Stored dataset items

--------------------

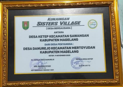 Sister village adalah program kerja sama antar desa di mana satu desa (desa penyangga) membantu desa lain yang berada di kawasan rawan bencana saat terjadi bencana. Pada hari ini Selasa tanggal 11 November 2025 Pemerintah Desa Danurejo Kecamatan Mertoyudan dalam rangka kegiatan berkunjung ke Pemerintah Desa Ketep Kecamatan Sawangan adalah untuk berkoordinasi terkait dengan desa bersaudara (sister village). Asal - muasal hubungan Desa bersaudara tersebut dikarenakan pada tahun 2010 terjadi letusan gunung merapi yang mengakibatkan beberapa kerugian pada masyarakat sekitar Gunung merapi dan diharuskan untuk mengungsi. maka sebagian besar warga desa ketep mengungsi ke wilayah Desa Danurejo tepatnya di Gedung Bulog Kabupaten Magelang hingga sampai sekarang menjadi desa bersaudara.
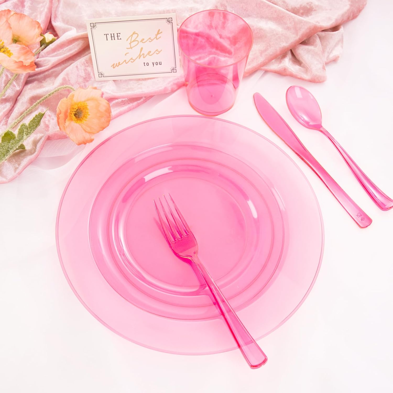 - SAFETY AND COMFORTABLE: Our pink cutlery plastic are plastic material, it can directly contact food. Make your family, friends comfortable and happy wonderful days!
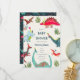 Invitation à une fête de douche pour bébé avec des dinosaures illustrés colorés portant des chapeaux de fête. Invitation parfaite pour une fête de douche pour bébé de genre neutre, invitation à thème préhistorique pour une fête de douche pour bébé, papeterie moderne et ludique pour une fête de douche pour bébé. Œuvre originale de Caroline Bonne Müller.
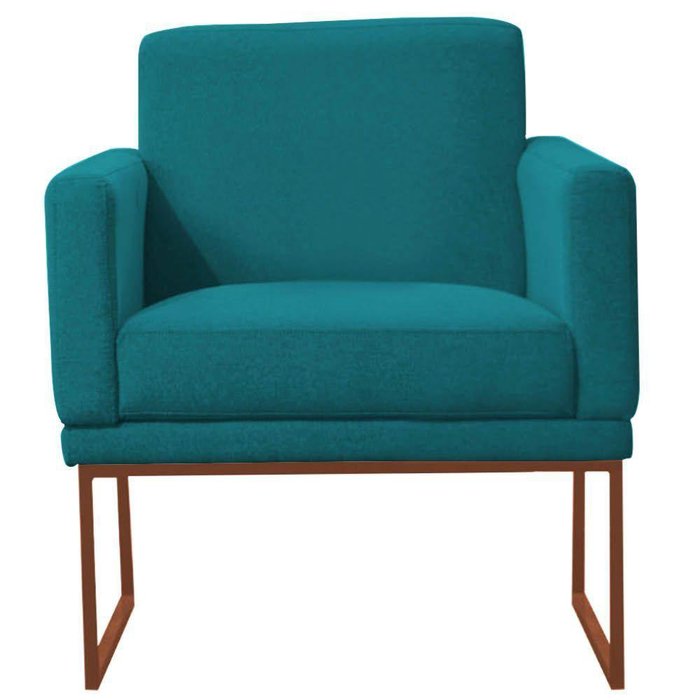 Poltrona Juliete Com Base Bronze Azul Turquesa
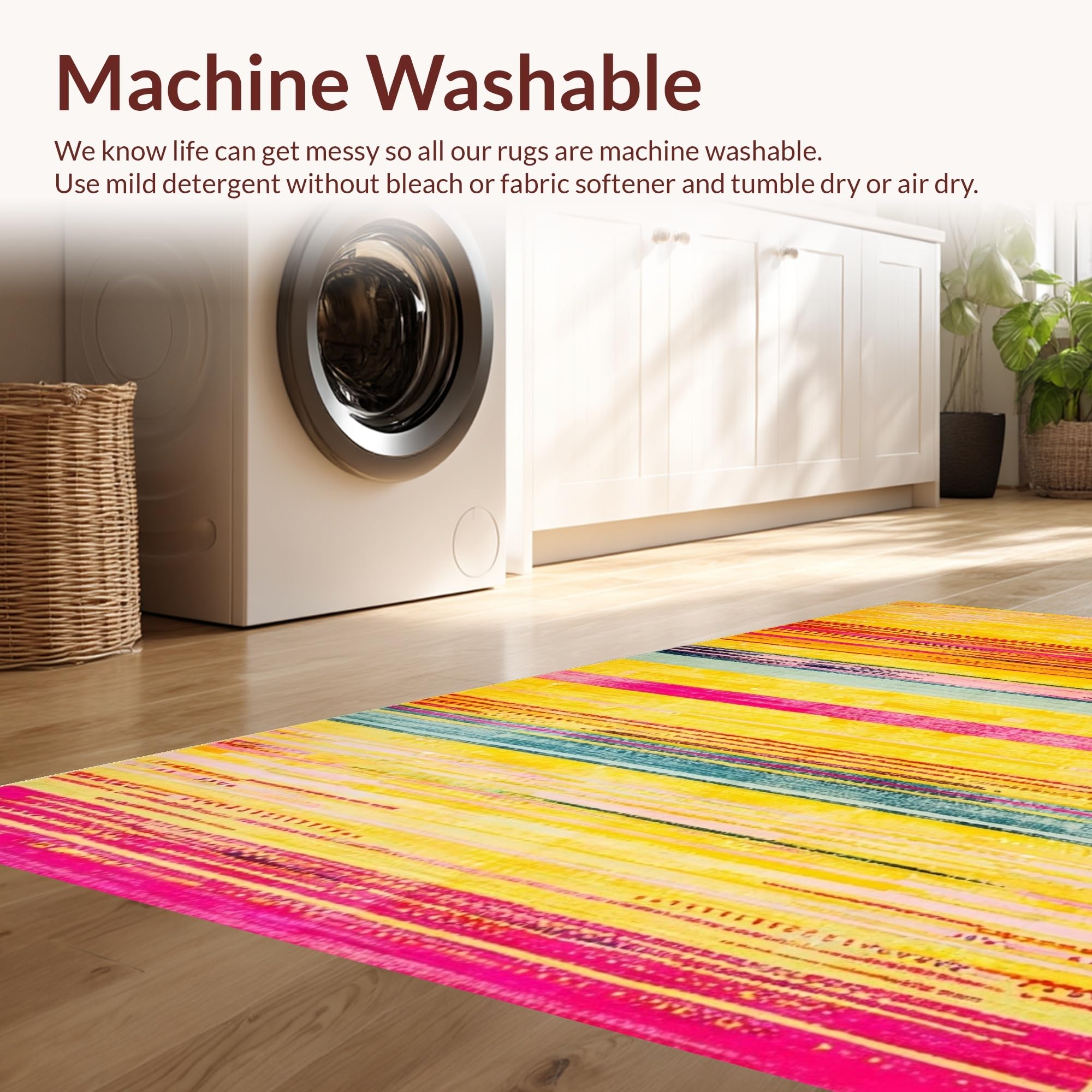 - Machine Washable: Our rugs can be easily thrown in the wash machine.
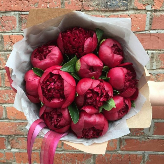 Бордовую композицию часто делают без упаковки, перевязывая стебли атласной лентой. Иногда можно увидеть букет, оформленный белыми кружевами, плотной бумагой, тканью с бантами из лент.
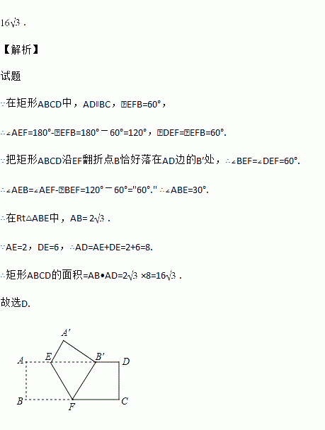 如图,把矩形ABCD沿EF翻转,点B恰好落在AD边的B′处,若AE=2,DE=6,∠EFB=60°,则矩形ABCD的面积是
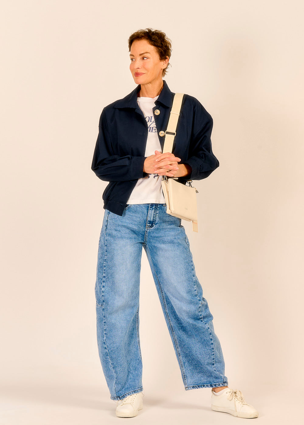 Die kleine Umhängetasche von VIAMORI in der zeitlosen Farbe Panna ist der perfekte Begleiter für jeden Tag. Der doppelte Reißverschluss sorgt für eine praktische Aufteilung, während das kompakte Format ideal für unterwegs ist.

--------------------

Task – Pictures stay out. Print the data exactly, from its first line through the line containing "Бордовую композицию часто".

Reply to the exercise –
 Sister village adalah program kerja sama antar desa di mana satu desa (desa penyangga) membantu desa lain yang berada di kawasan rawan bencana saat terjadi bencana. Pada hari ini Selasa tanggal 11 November 2025 Pemerintah Desa Danurejo Kecamatan Mertoyudan dalam rangka kegiatan berkunjung ke Pemerintah Desa Ketep Kecamatan Sawangan adalah untuk berkoordinasi terkait dengan desa bersaudara (sister village). Asal - muasal hubungan Desa bersaudara tersebut dikarenakan pada tahun 2010 terjadi letusan gunung merapi yang mengakibatkan beberapa kerugian pada masyarakat sekitar Gunung merapi dan diharuskan untuk mengungsi. maka sebagian besar warga desa ketep mengungsi ke wilayah Desa Danurejo tepatnya di Gedung Bulog Kabupaten Magelang hingga sampai sekarang menjadi desa bersaudara.
 - SAFETY AND COMFORTABLE: Our pink cutlery plastic are plastic material, it can directly contact food. Make your family, friends comfortable and happy wonderful days!
 Invitation à une fête de douche pour bébé avec des dinosaures illustrés colorés portant des chapeaux de fête. Invitation parfaite pour une fête de douche pour bébé de genre neutre, invitation à thème préhistorique pour une fête de douche pour bébé, papeterie moderne et ludique pour une fête de douche pour bébé. Œuvre originale de Caroline Bonne Müller.
 Poltrona Juliete Com Base Bronze Azul Turquesa
 - Machine Washable: Our rugs can be easily thrown in the wash machine.
 Бордовую композицию часто делают без упаковки, перевязывая стебли атласной лентой. Иногда можно увидеть букет, оформленный белыми кружевами, плотной бумагой, тканью с бантами из лент.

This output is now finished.